En Reyes II, 2 (23-25), hay un pasaje brutal: el profeta Elíseo subía por un camino y “unos cuantos chicuelos se burlaron de él diciendo: “¡Sube, calvo! ¡Sube, calvo!”. Él se dio la vuelta, se les quedó mirando y los maldijo en el nombre de Yavhé. Dos osos salieron entonces del bosque y despedazaron a 42 de aquellos chicuelos”.

Ese pasaje se salvó de las mil y una falsificaciones sufridas por la Biblia, seguramente porque gustaba mucho a los gerifaltes de la Iglesia -quien se meta conmigo, va a flipar-. Pero cuando han llegado los siglos de la luz había que disculpar de alguna manera semejante salvajada, y a los teólogos solo se les ocurrió decir que en aquel entonces calvo era un insulto gravísimo. Es de suponer que ningún peluquero del Vaticano ha osado jamás ni insinuar que a Su Santidad se le ve el cartón.

Sabido es que las religiones abrahámicas no tienen sentido del humor, y menos aún para reírse de sí mismas, con lo sano que es eso. Y de esos polvos vienen estos lodos.

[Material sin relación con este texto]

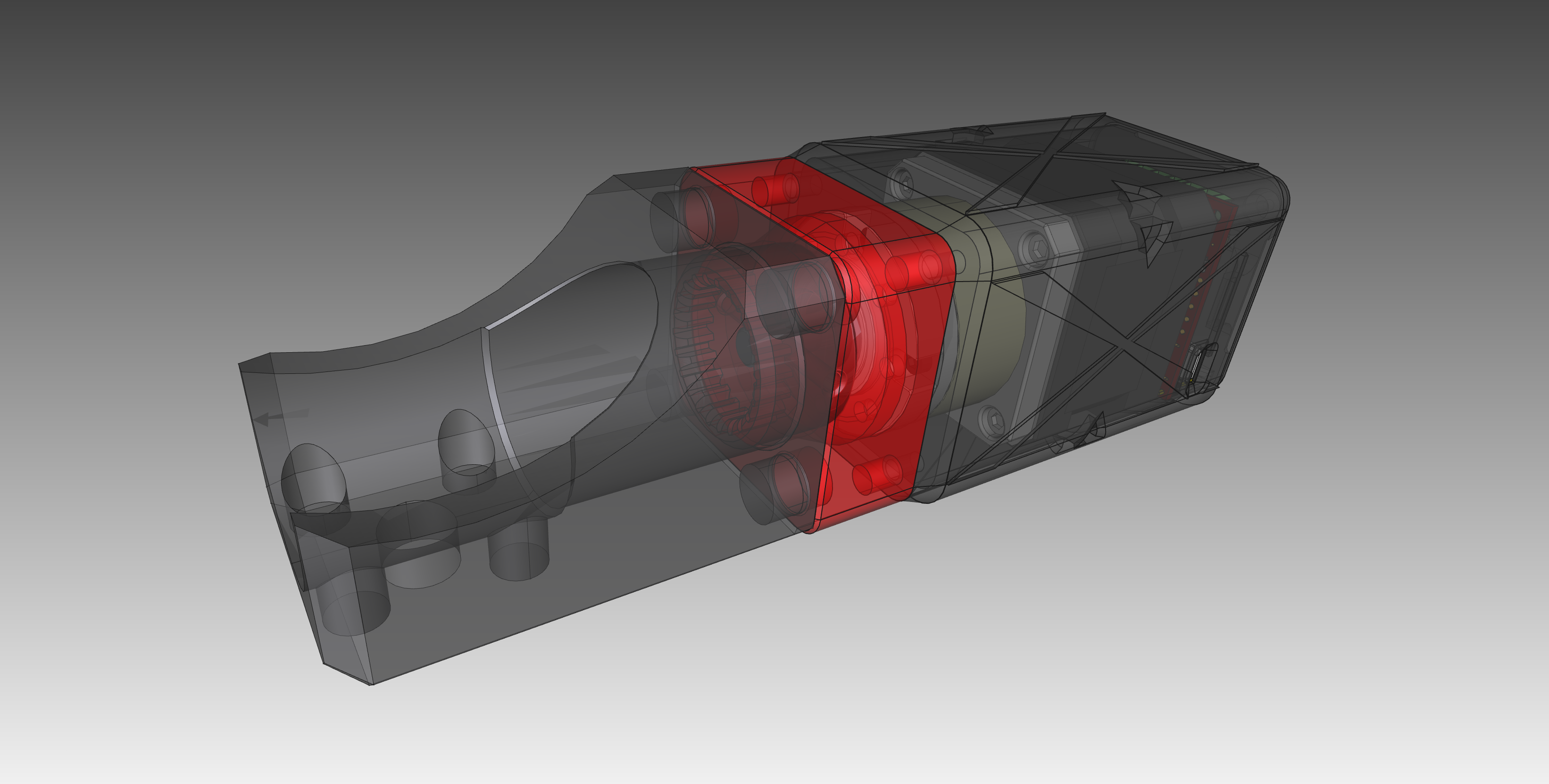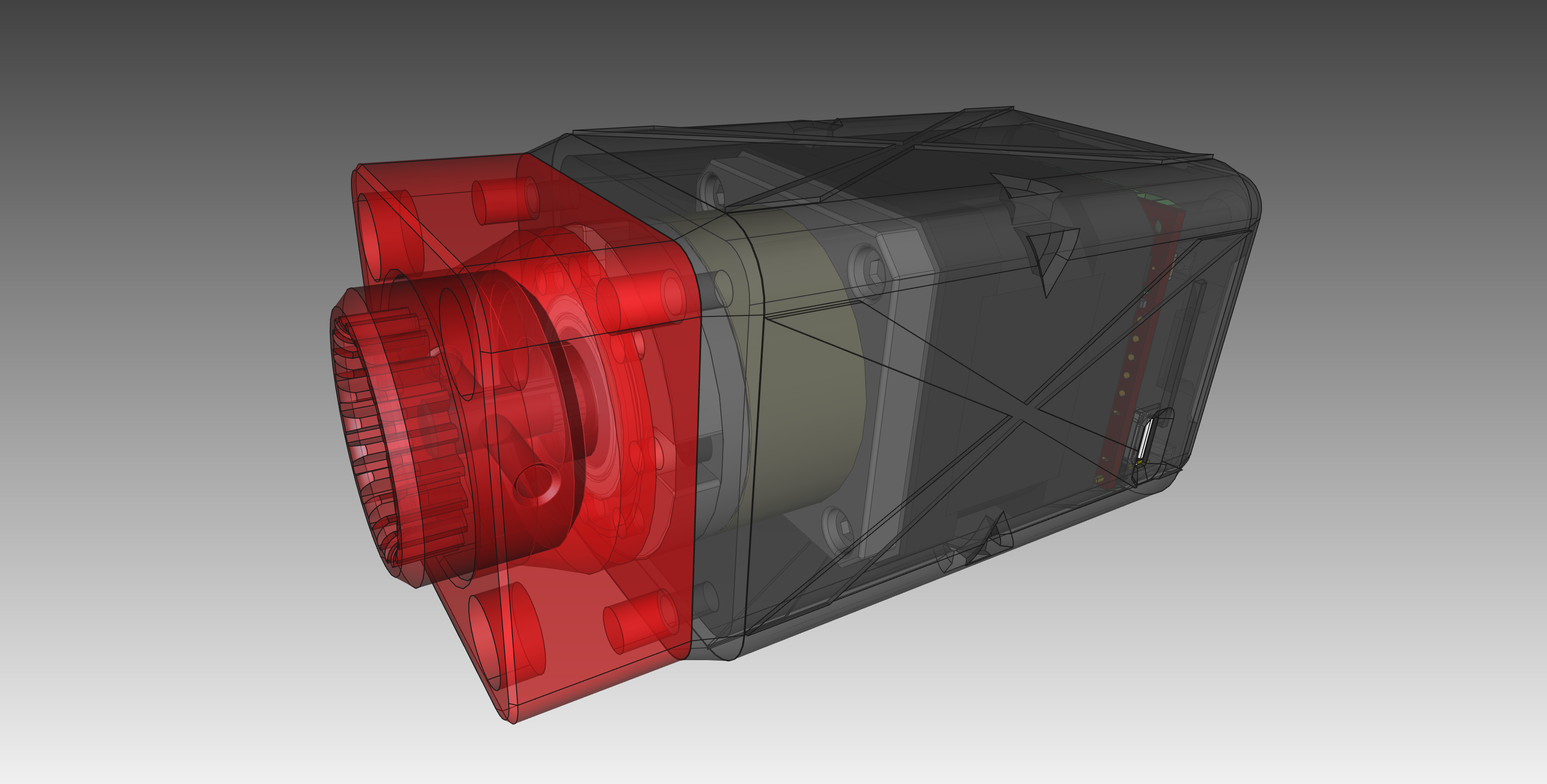 Hier siehst Du eine 50%ig transparente Ansicht vom [MTF] Fokusmotor, rechts mit einem Flansch, der zum Hexafoc des Explore Scientific ED80 FCD100 passt. Der Flansch und die rote Platte am Focuser haben jeweils 4 starke Neodym (N45) Magnete. Die am Teleskopflansch sitzen 1mm tiefer im Flansch, die am Focuser stehen 1mm heraus. Das ergibt eine Verdrehsicherung, Zentrierung und einen wirklich festen Halt.

El otro día, el Papa dijo que quien suelte “una mala palabra” de su madre “es normal” que se lleve un puñetazo. Y El Jueves, obviamente afectado con lo sucedido a sus colegas del Charlie Hebdo, le replicaba: “Muy bien. Pero, cuando un cura abusa de un niño, ¿qué respuesta sería “normal” en los padres del niño? ¿Cortarle los huevos al pederasta? ¿Meterle un cartucho de dinamita por el culo?”.

La respuesta no es fácil, y menos aún para una religión que no se rebela contra un pasaje de su libro sagrado en el que se mata a 42 chicuelos por reírse de la calvicie de alguien. Podemos entender un pronto, pero al considerar la violencia como aceptable frente a la ofensa, el Papa se ha metido en un charco que, con la que está cayendo en el fanatismo islámico, es además muy profundo.

Los guionistas de Relatos Salvajes perdieron la gran ocasión de rematar la peli con Francisco I corriendo por Castel Galdonfo para ahostiar a un monaguillo que ha osado mofarse del juego de toque de su equipo favorito, el San Lorenzo de Almagro.